If you want to download models form internet, some URL API can be used:
from six.moves import urllib
files, header = urllib.request.urlretrieve(DATA_URL, filepath, _progress)
Then show the file info such as file size:
statinfo = os.stat(files)
print('Successfully download', files, statinfo.st_size, 'bytes.')
If you download a compressed file( the general is tar.gz file) and want to decompress it:
import tarfile
tarfile.open(files, 'r:gz').extractall(your_file_path)
Now, the file was successfully download and extracted.
Tensorflow Persistent Storage
import tensorflow as tf
v = tf.Variable(0,dtype = tf.float32,name='v')
for variables in tf.global_variables():
print(variables.name)
ema = tf.train.ExponentialMovingAverage(0.99)
maintain_average_op = ema.apply(tf.global_variables())
for variables in tf.global_variables():
print(variables.name)
saver = tf.train.Saver()
with tf.Session() as sess:
init_op = tf.global_variables_initializer()
sess.run(init_op)
sess.run(tf.assign(v,10))
sess.run(maintain_average_op)
saver.save(sess,"model/model.ckpt")
print(sess.run([v,ema.average(v)]))
then use it:
import tensorflow as tf
v = tf.Variable(0,dtype = tf.float32,name = 'v')
ema = tf.train.ExponentialMovingAverage(0.99)
print(ema.variables_to_restore())
#output: {u'v/ExponentialMovingAverage': <tf.Variable 'v:0' shape=() dtype=float32_ref>}
saver = tf.train.Saver(ema.variables_to_restore())
with tf.Session() as sess:
saver.restore(sess,"model/model.ckpt")
print(sess.run(v))
if want to read checkpoint:
import tensorflow as tf
reader = tf.train.NewCheckpointReader('model/model.ckpt')
all_variables = reader.get_variable_to_shape_map()
for variable_name in all_variables:
print(variable_name,all_variables[variable_name])
print(reader.get_tensor("v"))
Command Parameter
Argparse
In python, argparse is an useful function addition to call the command parameter.

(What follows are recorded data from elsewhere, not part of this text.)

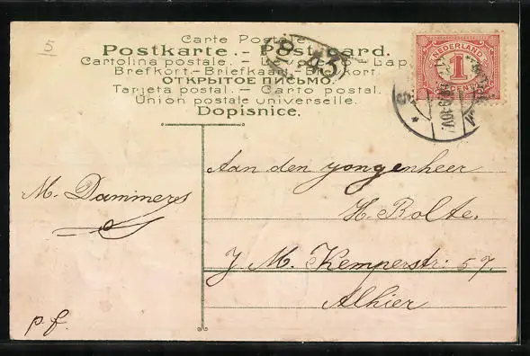 Personenbezogene Daten auf der Rückseite der Karte wurden durch blauen Textmarker unkenntlich gemacht. Die blauen Stellen sind auf die Vorderseite durchgeweicht und wirken sich negativ auf das Postkartenfoto aus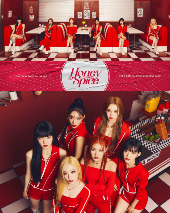 큐브 엔터테인먼트는 27일 0시 공식 SNS 채널을 통해 LIGHTSUM(라잇썸)의 미니 2집 'Honey or Spice'(허니 오어 스파이스)의 첫 번째 콘셉트 'Spice' 버전 단체 콘셉트 이미지를 공개했다.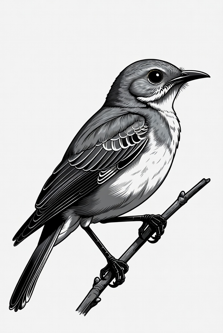 A detailed grayscale illustration of a small gray bird with white underbelly perches on a thin branch. The bird features a curved beak, large expressive eyes, and intricate feather details on its wings and tail. It stands against a plain white background.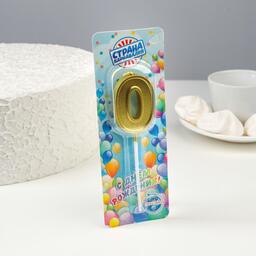 Свеча в торт цифра "0" золото

In the project of deep learning, we can use it to adjust parameter easily. To use it:
import argparse
import os
import sys
parser = argparse.ArgumentParser()
# Basic model parameters.
parser.add_argument('--batch_size', type=int, default=100,
help='Number of images to process in a batch')
parser.add_argument('--data_dir', type=str, default='./mnist_data',
help='Path to the MNIST data directory.')
parser.add_argument('--model_dir', type=str, default='./mnist_model',
help='The directory where the model will be stored.')
parser.add_argument('--train_epochs', type=int, default=40,
help='Number of epochs to train.')
parser.add_argument(
'--data_format', type=str, default=None,
choices=['channels_first', 'channels_last'],
help='A flag to override the data format used in the model. channels_first '
'provides a performance boost on GPU but is not always compatible '
'with CPU. If left unspecified, the data format will be chosen '
'automatically based on whether TensorFlow was built for CPU or GPU.')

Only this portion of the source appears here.